Programming education researchers talk about notional machines - the models of a language's behavior that teachers give to students. Similarly, programming language experts talk about the abstract machine that language defines. Both ideas share the same root: when we write a program in a programming language, we pretend that this language is the native language of the machine, even though it (almost always) is not. The purpose of a programming language is to define an abstract machine (and allow teachers define a notional machine) that is simpler for its intended purposes than the actual machine.
DAX fails that purpose, and it (unfortunately) is not alone.
That does not mean I will never use DAX in a project. Sometimes DAX is the best choice due to other architectural decisions already made - for example, if the business intelligence frontend is Power BI, you kind of have to use DAX. But it does mean I will approach that project carefully.
Another example of a problematic language is C. I love C, but I have not written anything in it in a long while. There is a good reason: C was explicitly designed to cut out almost all safety margins. You can write really great code in C, but you are always a couple of typos away from a major security hole. Security matters in most projects more than such precision control.
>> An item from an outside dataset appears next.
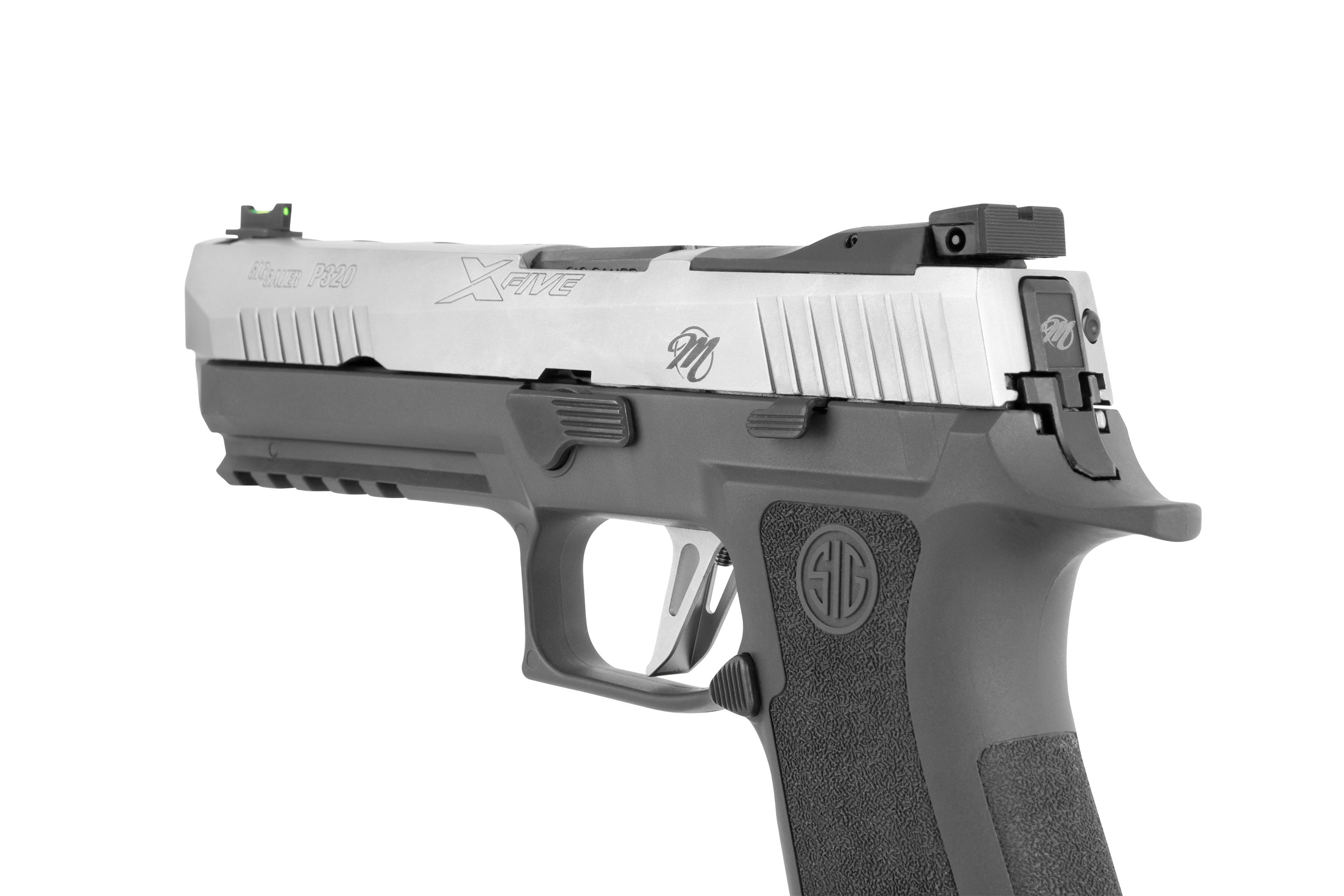 Die Full-Size Pistole SIG SAUER P320 XFIVE Legion verfügt über eine einstellbare Kontrast-Visierung, eine graue LEGION-Beschichtung für sehr gute Kratz- und Verschleißfestigkeit, ein Griffstück und einen Schlitten aus Edelstahl, das TXG Tungsten Infused Heavy X Griff-Modul, einen verlängerten Beavertail, die Henning Group Aluminum Basepads, einen Lauf aus Carbon-Stahl, ein Stahl-Magazin, einen skelettierter Abzug sowie eine Picatinny-Schiene.

Therefore, I no longer touch C.
Science Is Not Helping
I would love to tell you that there is a scientific answer to this problem. Unfortunately, I cannot. While programming languages have been studied for decades by a lot of smart people, most of those studies have focused on discovering what we can do with programming languages in general; very few are trying to evaluate languages or their features in a scientific manner. It is, in fact, so bad a situation that my own study found less than a hundred of such studies published from the 1950s until 2012. There is some increasing activity, but the topic is still very much niche.